▶ _YOUR GOAL_: Look through the material beneath and copy each line with the word "eine".

[DATA FOR ANALYSIS]

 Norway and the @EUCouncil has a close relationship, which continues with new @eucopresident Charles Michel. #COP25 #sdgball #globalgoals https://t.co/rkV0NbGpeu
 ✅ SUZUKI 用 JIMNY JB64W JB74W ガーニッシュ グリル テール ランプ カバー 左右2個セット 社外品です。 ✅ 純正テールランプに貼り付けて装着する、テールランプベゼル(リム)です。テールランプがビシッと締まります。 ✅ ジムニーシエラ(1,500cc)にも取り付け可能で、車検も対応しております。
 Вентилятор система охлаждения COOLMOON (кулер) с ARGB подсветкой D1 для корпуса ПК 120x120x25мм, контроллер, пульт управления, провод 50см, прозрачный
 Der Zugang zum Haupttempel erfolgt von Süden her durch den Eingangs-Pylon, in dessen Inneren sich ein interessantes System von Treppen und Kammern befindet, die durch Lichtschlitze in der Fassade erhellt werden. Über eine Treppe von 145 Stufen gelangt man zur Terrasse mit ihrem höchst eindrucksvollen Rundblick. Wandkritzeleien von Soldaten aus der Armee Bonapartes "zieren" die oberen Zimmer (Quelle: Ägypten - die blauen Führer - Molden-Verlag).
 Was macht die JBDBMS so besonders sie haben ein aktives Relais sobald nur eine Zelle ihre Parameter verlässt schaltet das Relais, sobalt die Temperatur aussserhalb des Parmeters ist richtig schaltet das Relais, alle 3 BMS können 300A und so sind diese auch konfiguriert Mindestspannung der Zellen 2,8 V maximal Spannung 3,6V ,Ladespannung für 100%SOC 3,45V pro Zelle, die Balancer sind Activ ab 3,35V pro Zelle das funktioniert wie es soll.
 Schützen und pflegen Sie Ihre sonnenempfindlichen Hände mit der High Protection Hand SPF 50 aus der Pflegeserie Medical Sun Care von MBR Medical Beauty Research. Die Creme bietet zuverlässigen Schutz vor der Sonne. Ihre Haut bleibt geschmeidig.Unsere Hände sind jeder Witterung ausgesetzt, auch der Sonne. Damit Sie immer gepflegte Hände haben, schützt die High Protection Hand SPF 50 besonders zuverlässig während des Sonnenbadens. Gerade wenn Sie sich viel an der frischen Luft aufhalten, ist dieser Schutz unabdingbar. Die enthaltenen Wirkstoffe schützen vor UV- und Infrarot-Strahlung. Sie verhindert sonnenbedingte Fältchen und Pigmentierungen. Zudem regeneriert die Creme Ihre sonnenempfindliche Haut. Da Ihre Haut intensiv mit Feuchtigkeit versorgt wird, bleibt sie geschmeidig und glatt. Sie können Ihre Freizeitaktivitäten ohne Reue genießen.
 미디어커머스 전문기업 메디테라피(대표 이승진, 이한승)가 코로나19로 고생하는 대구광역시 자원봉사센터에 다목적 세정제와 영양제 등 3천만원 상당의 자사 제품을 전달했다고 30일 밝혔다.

[/DATA FOR ANALYSIS]
[DATA FOR ANALYSIS]

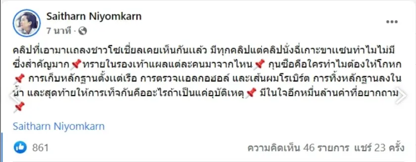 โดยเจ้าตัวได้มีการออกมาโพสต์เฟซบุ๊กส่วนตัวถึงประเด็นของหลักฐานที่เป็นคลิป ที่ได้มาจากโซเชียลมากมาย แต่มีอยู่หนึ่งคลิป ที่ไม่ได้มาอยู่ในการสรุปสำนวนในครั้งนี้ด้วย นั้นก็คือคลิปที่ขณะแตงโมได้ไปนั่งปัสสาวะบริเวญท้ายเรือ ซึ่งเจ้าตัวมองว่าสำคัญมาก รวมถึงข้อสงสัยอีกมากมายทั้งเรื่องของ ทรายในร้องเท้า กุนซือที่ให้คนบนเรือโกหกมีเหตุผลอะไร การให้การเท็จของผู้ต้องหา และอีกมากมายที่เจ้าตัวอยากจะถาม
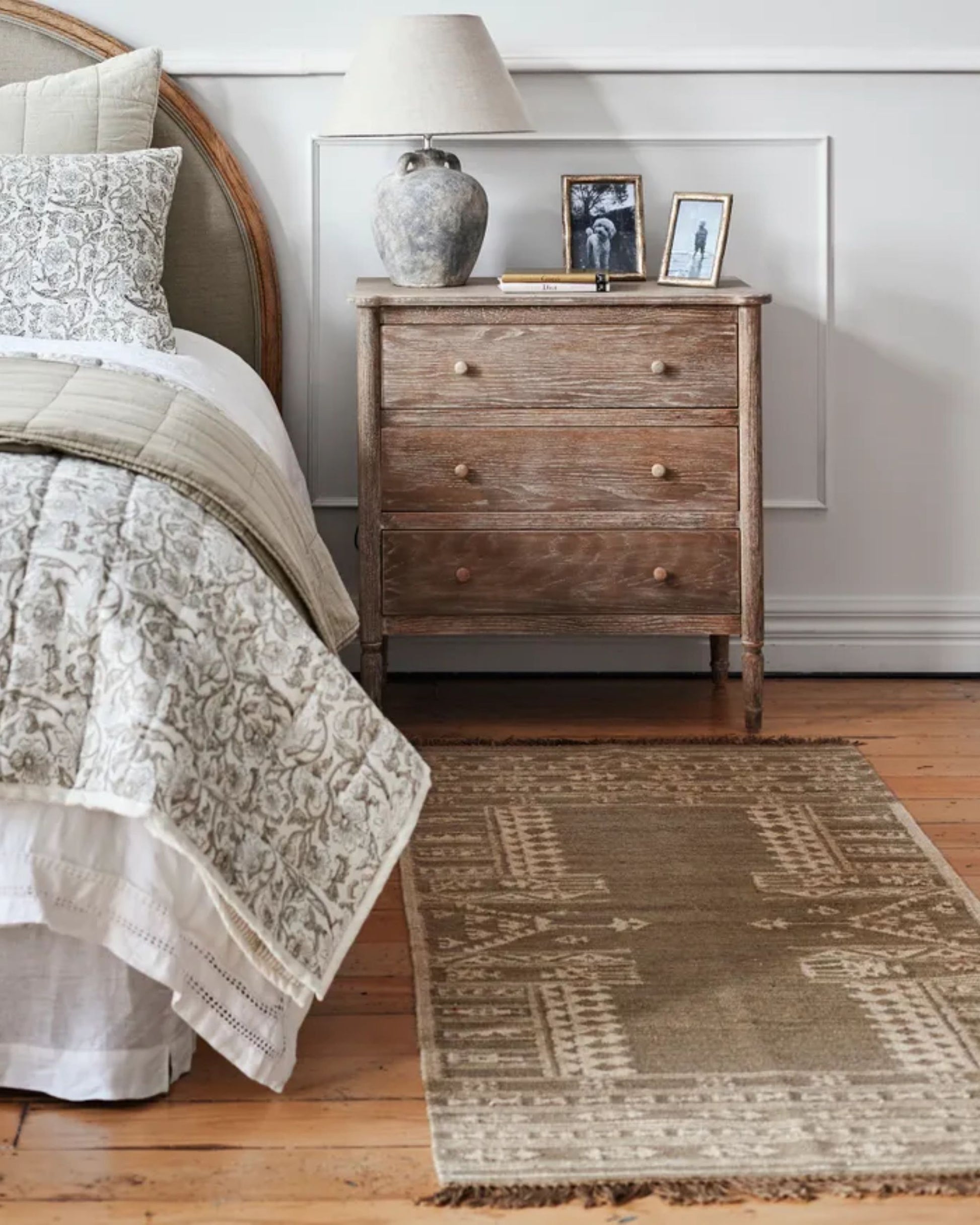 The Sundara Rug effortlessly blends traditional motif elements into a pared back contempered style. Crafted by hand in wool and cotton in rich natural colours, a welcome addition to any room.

[/DATA FOR ANALYSIS]
[DATA FOR ANALYSIS]

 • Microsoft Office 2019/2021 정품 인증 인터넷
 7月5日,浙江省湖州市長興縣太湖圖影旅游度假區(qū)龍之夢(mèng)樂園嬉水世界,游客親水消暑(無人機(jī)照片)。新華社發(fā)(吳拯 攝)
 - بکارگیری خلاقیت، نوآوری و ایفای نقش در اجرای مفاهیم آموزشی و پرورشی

[/DATA FOR ANALYSIS]

▶ _YOUR RESPONSE_:
 Der Zugang zum Haupttempel erfolgt von Süden her durch den Eingangs-Pylon, in dessen Inneren sich ein interessantes System von Treppen und Kammern befindet, die durch Lichtschlitze in der Fassade erhellt werden. Über eine Treppe von 145 Stufen gelangt man zur Terrasse mit ihrem höchst eindrucksvollen Rundblick. Wandkritzeleien von Soldaten aus der Armee Bonapartes "zieren" die oberen Zimmer (Quelle: Ägypten - die blauen Führer - Molden-Verlag).
 Was macht die JBDBMS so besonders sie haben ein aktives Relais sobald nur eine Zelle ihre Parameter verlässt schaltet das Relais, sobalt die Temperatur aussserhalb des Parmeters ist richtig schaltet das Relais, alle 3 BMS können 300A und so sind diese auch konfiguriert Mindestspannung der Zellen 2,8 V maximal Spannung 3,6V ,Ladespannung für 100%SOC 3,45V pro Zelle, die Balancer sind Activ ab 3,35V pro Zelle das funktioniert wie es soll.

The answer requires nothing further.